Original comment by Roman Bogorodskiy (Bitbucket: novel, GitHub: novel):

The same for FreeBSD ports as well.

Also, I'm wondering if re-uploads could be handled this by URL scheme something like this:

Original (0th) upload: /packages/{python version}/{name[0]}/{name}/{filename}
All the following (1..N) uploads: /packages/{python version}/{name[0]}/{name}/{upload_number}/{filename}

Anyway, IMHO, tarball rerolling should not be encouraged because it creates an additional burden for users and packages as they need to somehow make sure that no harmful changes were added while re-rolling, so package maintainers should probably try to avoid that practice and bump version instead.

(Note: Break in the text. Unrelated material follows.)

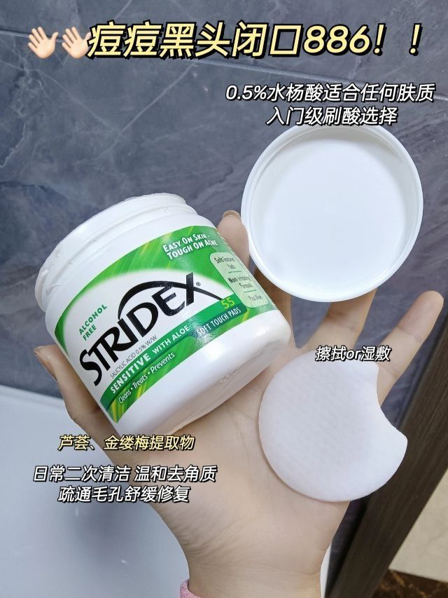 本篇笔记关联了STRIDEX/施颜适 水杨酸清洁棉片 水油平衡去黑头去闭口粉刺舒缓控油祛痘刷酸祛痘印清洁毛孔去角质 绿色温和型0.5%等商品,为用户提供真实的使用体验和购买参考。

ewdurbin commented 8 years ago

Original comment by Edd Barrett (Bitbucket: vext01, GitHub: vext01):

Same issue for OpenBSD ports.

ewdurbin commented 8 years ago

Original comment by Nico Kadel-Garcia (Bitbucket: nkadel, GitHub: nkadel):

There is an XKCD cartoon about this sort of workflow problem: https://xkcd.com/1172/ .But it really seems like this solution is making the man stand funny to make the suit look nice, described at (http://www.realnothings.com/famous%20jokes/suit.htm

I'm glad it's not breaking pip based installations, The problem for chef developers is a similar one to RPM developers, and I happen to be both for various open source toolkits. If we want or need to simply grab an updated, or obsolete, version of the tarball, we need some sort of simple command line way to grab that tarball, and 'wget' has been a much more scriptable and reliable way to get it, until now. This unexpected change is also breaking thousands of "Source" URLs in many RPM based operating systems. They're not normally used at build time, but revising them in the development system or in the .spec file for stable python module build tools is a lot of work. That includes over 200 SRPMs that I pursonally maintain, and roughly 1500 in the current Fedora development release.

It's a bigger problem than you may have realized.

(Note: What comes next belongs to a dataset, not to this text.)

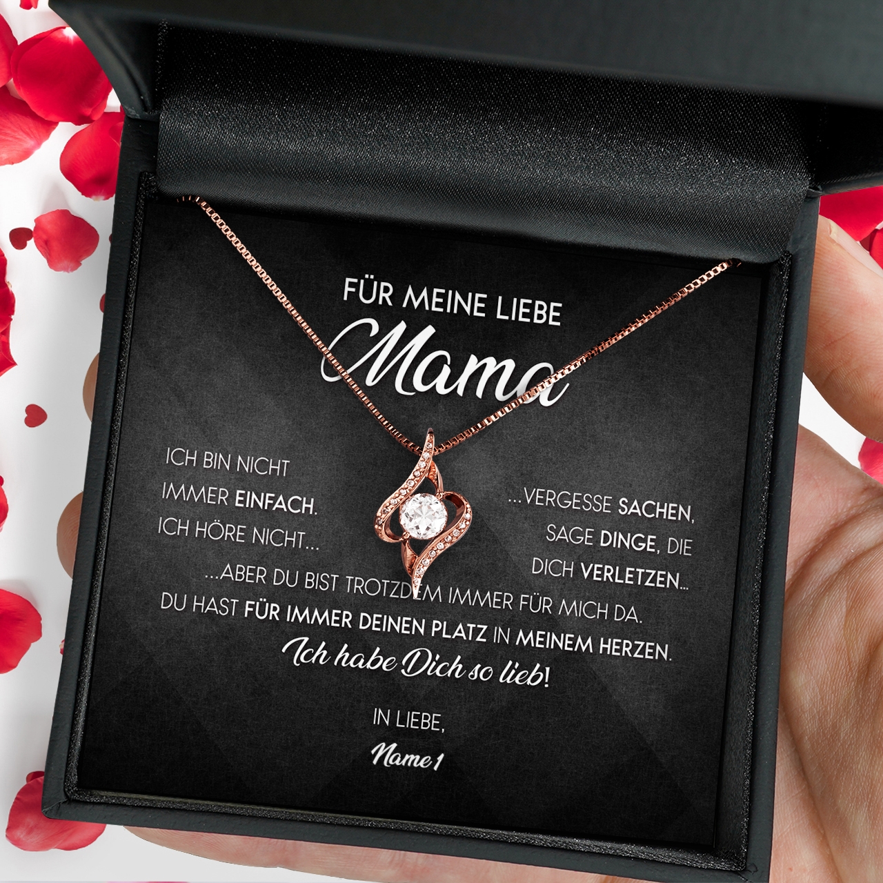 Damit das Geschenk auch wirklich gut ankommt, legen wir die Halskette und die Karte in eine exklusive Schmuckbox aus Kunstleder. Zusammen mit einer hochwertigen Geschenktüte wird Dein Geschenk mit Seidenpapier umwickelt und mit einer schönen Schleife verziert. Innerhalb von 2-3 Werktagen erhältst Du Dein Geschenk und kannst dieses sofort verschenken. Damit bereitest Du Deiner Mutter ganz bestimmt einen unvergesslichen Tag mit viel Freude und Begeisterung.

ewdurbin commented 8 years ago

Original comment by Donald Stufft (Bitbucket: dstufft, GitHub: dstufft):

From my previous message:

I personally see affected users every couple of weeks without attempting to look for them (often times they're reaching out to me personally).

ewdurbin commented 8 years ago

Original comment by Chris Warrick (Bitbucket: Kwpolska, GitHub: Kwpolska):

How often did you actually experience the problems described (edit: that lead to the change)? Or is it a purely theoretical problem?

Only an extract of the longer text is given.